Only one crucial plot point seemed too much, but the rest slid nicely from fact into meta into complete fiction and I enjoyed the ride. Most of the reviews I read afterward were hung on the idea that Ellis wanted to copy a Stephen King novel–but the genre bias shouldn’t keep people from reading it, because it’s more than that.

Jen Vafidis

This week went by so quickly. A lot of projects, a lot of work, but I found some time to read, somehow. On Sunday I read all of Seduction and Betrayal by Elizabeth Hardwick in one gulp. Her essay on Sylvia Plath has really stayed with me. I have since moved onto A High Wind in Jamaica by Richard Hughes, and I’m savoring it. How does this book not get mentioned every day by every single person I talk to? It’s absolutely bewitching.

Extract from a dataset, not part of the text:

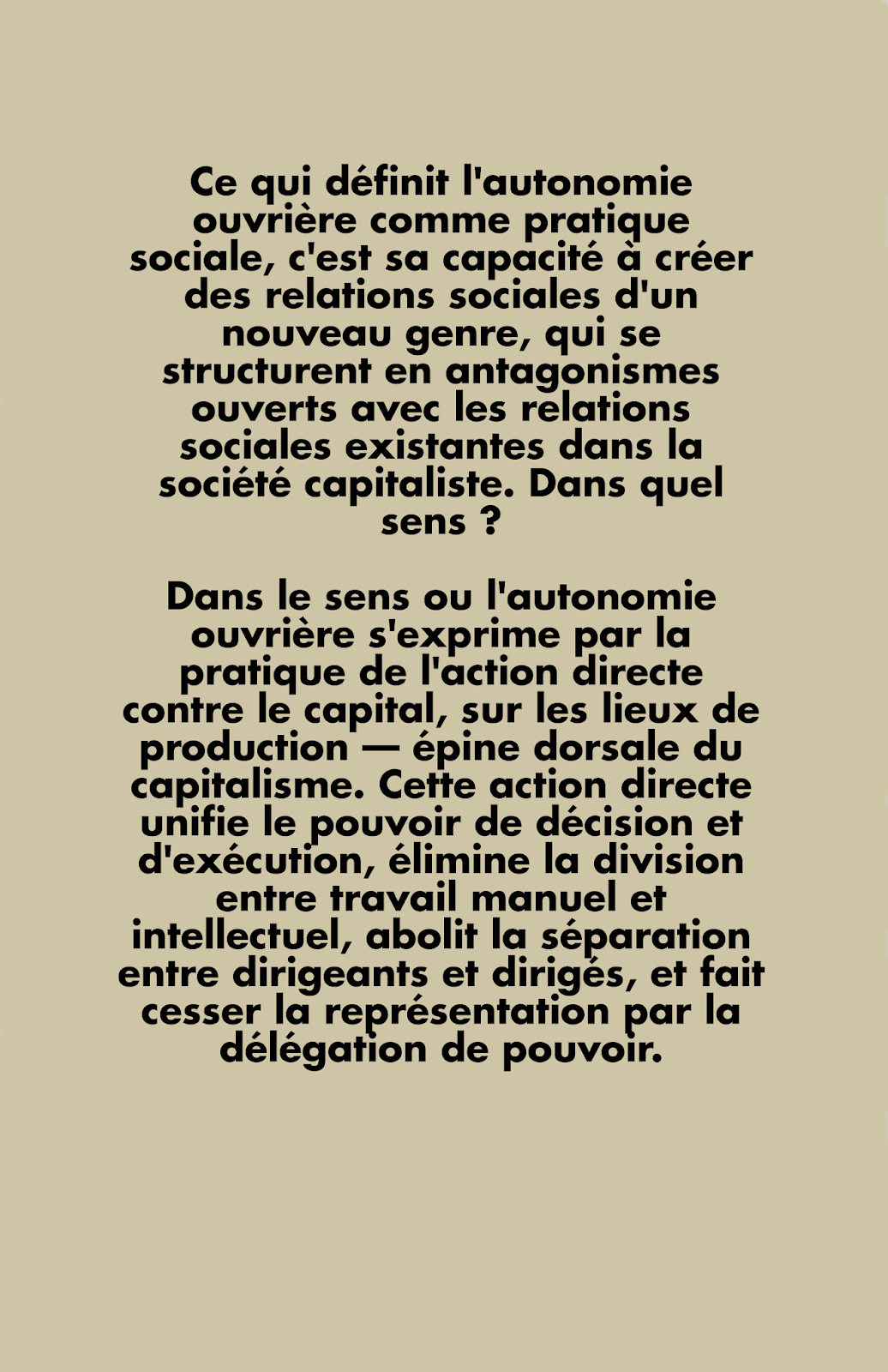Sa seule “cohérence” ne peut-être donnée que dans la lutte frontale contre le capital. Surtout dans la manière que nous avons de nous auto-organiser pour nos propres perspectives. C’est un combat de longue haleine et pas nécessairement linéaire mais il doit être le plus clair possible. C’est peut-être ici que nous manquons de quelque chose ?

I also revisited Hell Hath No Fury, Clipse’s 2006 masterpiece, and listened to that about twenty times, and I alternated between repeat listens of the new Taylor Swift song and the new Cat Power songs. Oh, and I want to see The Master so bad that it hurts me. That’s where I’m at. Hey, thank the lord, I’m going out of town this weekend. I demand to relax! I don’t want to think about anything the whole time, I just want to hang out on a lake and read A High Wind in Jamaica and maybe have some ice cream.

Tobias Carroll

Joined a fantasy EPL league this week.  The funny thing about this, of course, is that I don’t know much about the Premier League — I’ve decided that I’m a Wigan supporter primarily because George Orwell once wrote a book about Wigan, and hey, who am I to argue with George Orwell?

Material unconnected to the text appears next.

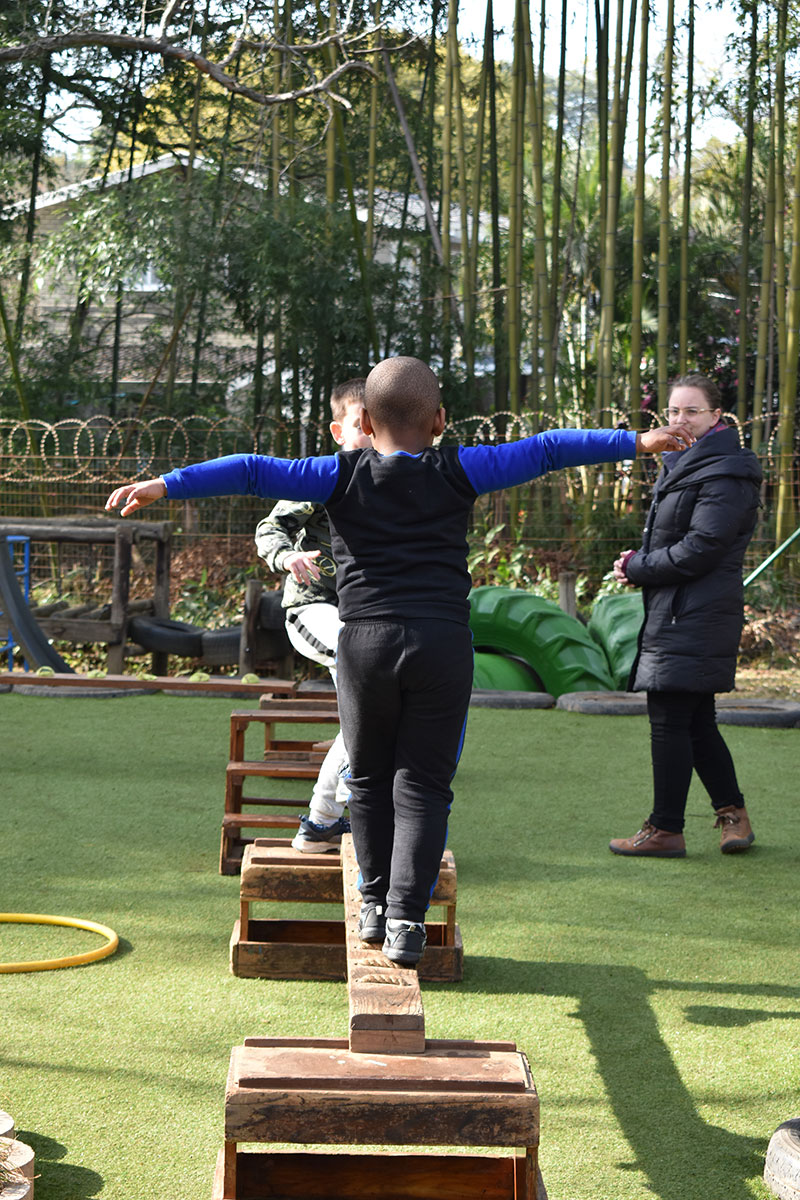 In Garden 1, the children have the opportunity to swing, climb and balance at various heights along a large variety of static apparatus and apparatus with moving parts. Over and above this, the ladders, beams and frames are set up every day in different formations, ensuring that the child is always being physically challenged and extended as they develop their core and large muscles, their coordination, confidence, vestibular and proprioceptive senses.

Also, my team’s name is a Garth Marenghi’s Darkplace reference. Doubling down on the Anglophilia, apparently.

I suppose I should also invoke some books. It’s been a good week for reading: got to talk about Stefan Zweig’s The Post-Office Girl at a book group at Community Bookstore, and while I’m not sure it’s the indictment of capitalism promised by the back cover, it certainly made for a searing portrait of 1920s Austria, with characters reeling from traumas suffered both in war and economically, in said war’s aftermath. Christopher Beha’s What Happened to Sophie Wilder was terrific — but I’ll be writing something longer about the book in question for next week. (Ditto J. Robert Lennon’s Familiar.) Danilo Kis’s The Attic was a weird, playful work that reminded me a bit of Flann O’Brien’s At Swim-Two-Birds in its fictional deftness and irreverence. And I’m now in the middle of Claire Vaye Watkins’s Battleborn, a collection about which I will have much to say.

In forthcoming-book news, I just put in an order for Frank Hinton’s Action, Figure, which looks promising. (I type that with the disclaimer that Hinton published a story of mine at Metazen last year.) I’m hoping to make my way to more live music in the months to come; I kicked that off with a trip to see Deep Time and The Babies play at Union Pool, and was impressed with both groups — one taut and progressing in unexpected ways, the other coming off in a style that wouldn’t have been out of place on stage at Brownies in 2000. (Think: straight-up catchy indie rock with some nonintrusive soloing; if they’d been around in the late 90s, they’d totally have been on Up in the era of 764-HERO and Modest Mouse.) Picked up tickets to see Alvarius B. in the weeks to come…

Jason Diamond 

End of summer fiction detox got me to the local library to pick up several P.G. Wodehouse biographies, and Ron Chernow’s Titan: The Life of John D. Rockefeller, Sr. It’s not that I don’t want to read any more fiction, I’ve just been reading so much that I need a little change. Biographies seem like a good detour for the time being, especially after I just finished Lisa Cohen’s fantastic All We Know.  I just figured that I’m on a decent biography kick, might as well keep it going. Also got a copy of Daniel Mendelsohn’s Waiting for the Barbarians, and skipped immediately to the essay on Mad Men.

I haven’t abandoned fiction altogether. I’ve been slowly going through Battleborn — which is totally wonderful.  I’m hoping to wrap that up this weekend and then get started on Paula Bomer’s Nine Months.